Quality control with summary analysis of allele and genotype frequencies, Hardy-Weinberg equilibrium tests, and missing genotype rates were performed with PLINK version 1.07 software130. SNPs with a minor allele frequency of <0.05 and those that failed the Hardy-Weinberg equilibrium test (p < 0.001) were excluded from the analysis, leaving 141,095 SNPs in the analysis (Table 2). Three samples from the CHD Study were also removed after analysis of relatedness. Principal Component Analysis (PCA, Eigenstrat 4.2) was performed on an independent subset of almost 50,000 SNPs; the first principal component explained 6% of the variation, subsequent components all less than 0.5%, and matched self-reported ethnicity (visual inspection). Hence the first principal component was subsequently included as a factor in the logistic regression. Logistic regression was performed to evaluate differences in SNP minor allele frequencies between groups, adjusted for ethnicity and gender, using an additive genetic model (R 3.01 software131). P values were adjusted for false discovery rate (FDR) using the Benjamini Yekuteli method132. Pathway analysis was performed for the leading 100 SNPs in each pairwise group comparison, using MetaCore from GeneGo (Thomson Reuters).

Table 2 SNP markers removed from Cardio-MetaboChip analysis in quality control.

CNV detection and analysis

Array comparative genomic hybridisation (aCGH) was undertaken on 28 EqSCM cases to examine structural variants in the cohort. For this analysis, we used either the Nimblegen 135k oligo array (CGX12) (Roche NimbleGen Inc, Madison, WI, USA), capable of genome-wide screening for CNV to a resolution of 10 kb in well-categorised pathogenic genomic regions, and 50 kb elsewhere, or the Agilent 180k HD oligo array (Sureprint G3 Human 4 × 180k) (Agilent Technologies, Santa Clara, CA, USA), which has a similar resolution (see supplementary information for more details).

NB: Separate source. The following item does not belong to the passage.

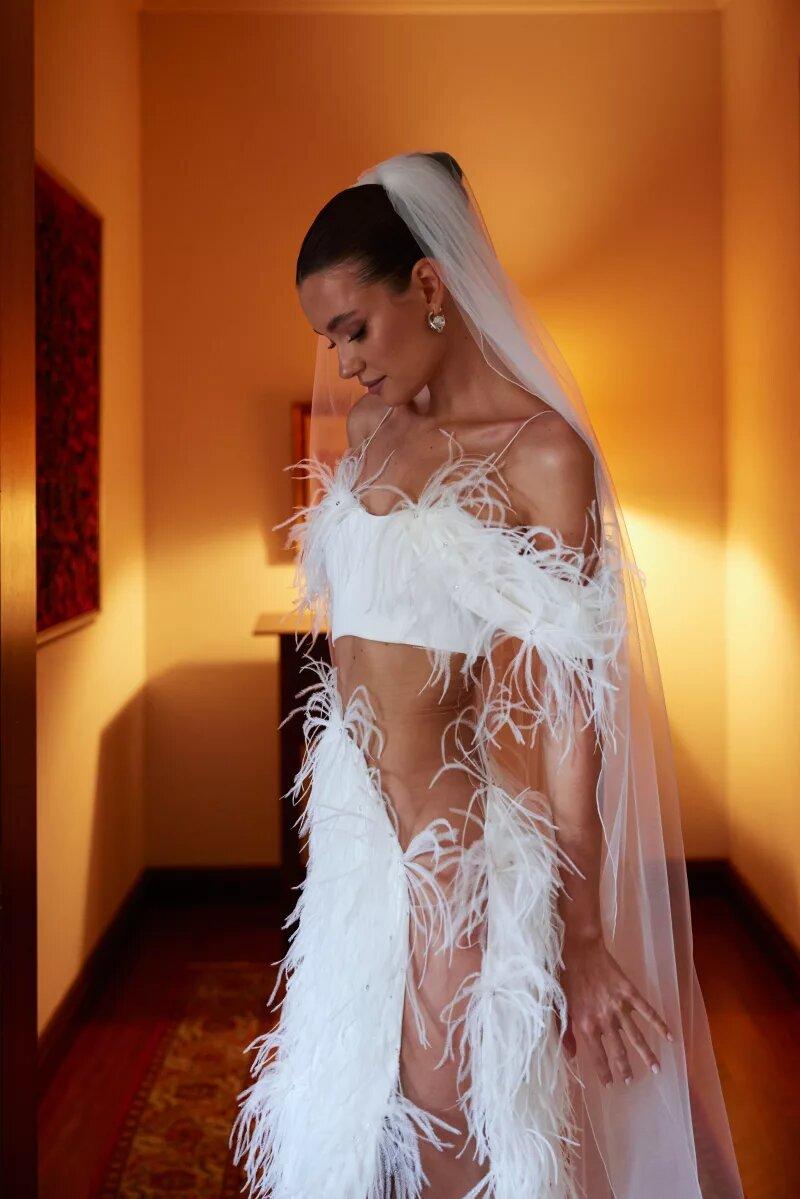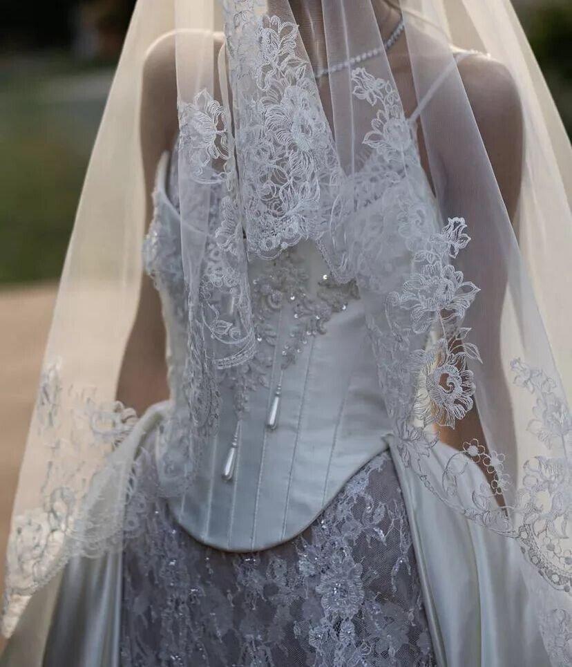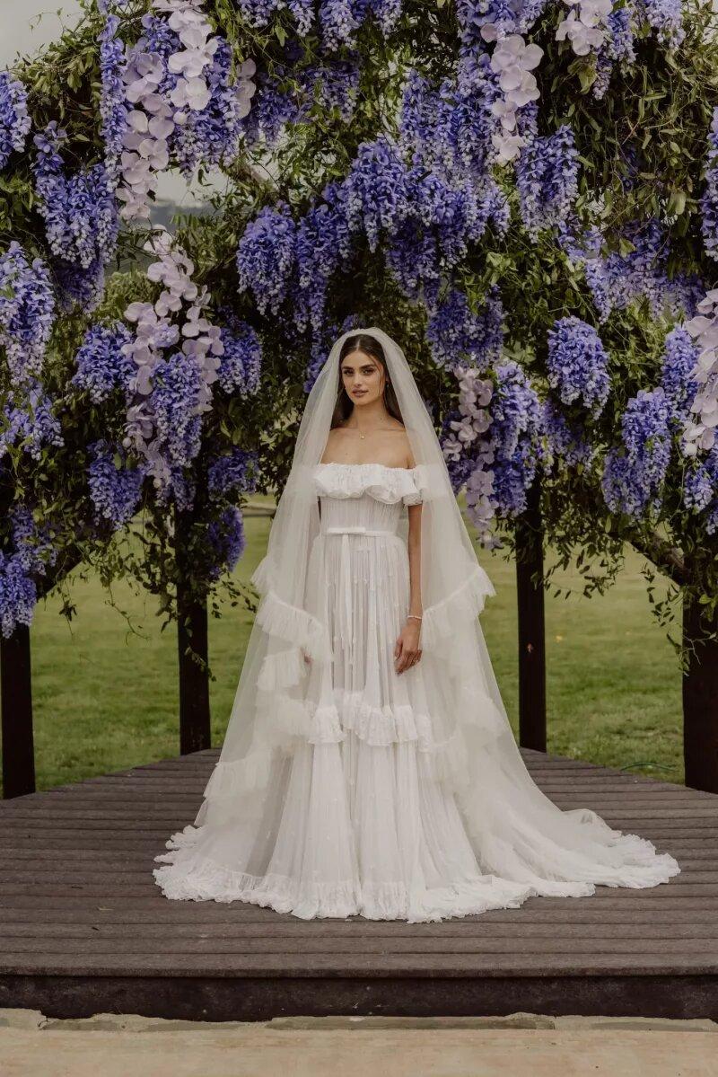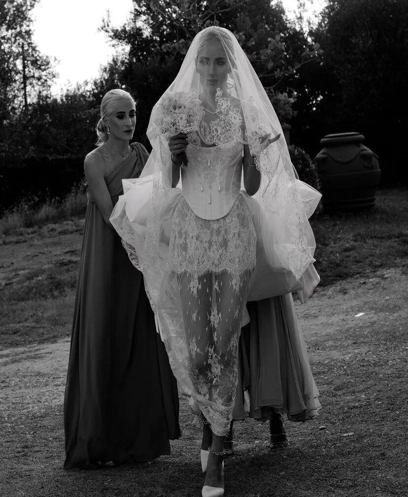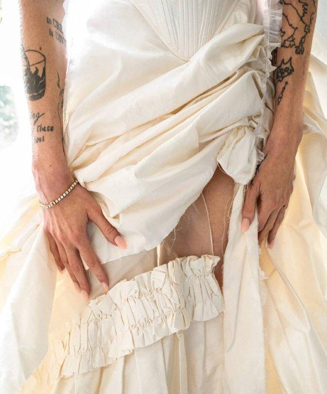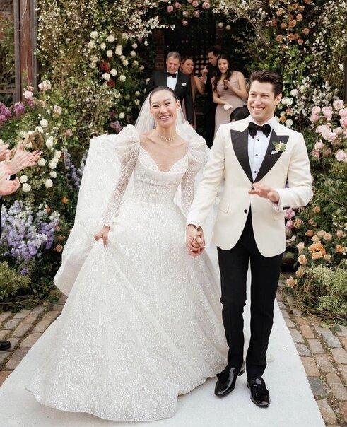 Модель Victoria’s secret отдала предпочтение платью дизайнера Vivienne Westwood, платья Вивьен в 2023 году, кстати, выбирали многие звездные невесты.

Pooled reference DNA samples (catalogue numbers G147A and G152A) were purchased from Promega (Madison, WI, USA). EqSCM case and reference DNA samples (0.5–1 μg each) were labelled with Cy3 and Cy5 dyes respectively, purified, hybridized, and washed according to Nimblegen and Agilent protocols. Microarrays were scanned on a GenePix 4000B laser scanner (Axon Instruments, CA, USA) or a G2600D Agilent SureScan microarray scanner (Agilent Technologies). Data was processed using Nimblescan (Roche Nimblegen Inc) or Cytogenomics software (Agilent Technologies) with the default algorithms and analysis settings, but with a 5 probe minimum calling threshold. All arrays passed QC metrics for derivative log ratio spread (DLRS) values of <0.2. CNV data was visualised and interpreted using Genoglyphix software (Perkin Elmer) and NCBI genome browser software (genome build hg19 (GRCh37)). The EqSCM aCGH data were assessed against many CNV databases including Genoglyphix Chromosome Aberration Database (containing over 14,000 validated variants from 50,000 samples) (Perkin Elmer, Waltham, MA, USA)90, DECIPHER133, and the Database of Genomic Variation (DGV, containing CNV data from over 35,000 unaffected individuals)134. CNVs were classified as thought to be benign (TBB), uncertain clinical significance (UCS), or clinically significant (CS) using an evidence-based approach61,135,136,137 which included database comparisons (frequency in cases/controls and relation to phenotype), gene content, gene function and dosage sensitivity. A broad summary of our CNV interpretation algorithm is depicted in Supplementary Figure S1. Rare CNVs are defined as those that occur at a frequency of ≤1%. We classified our rare CNV frequency using larger DGV studies containing >1000 individuals82,138,139,140,141.

Data availability

The datasets generated during the current study are not publicly available for ethical reasons but can be made available by the corresponding author (M.A.K) on reasonable request.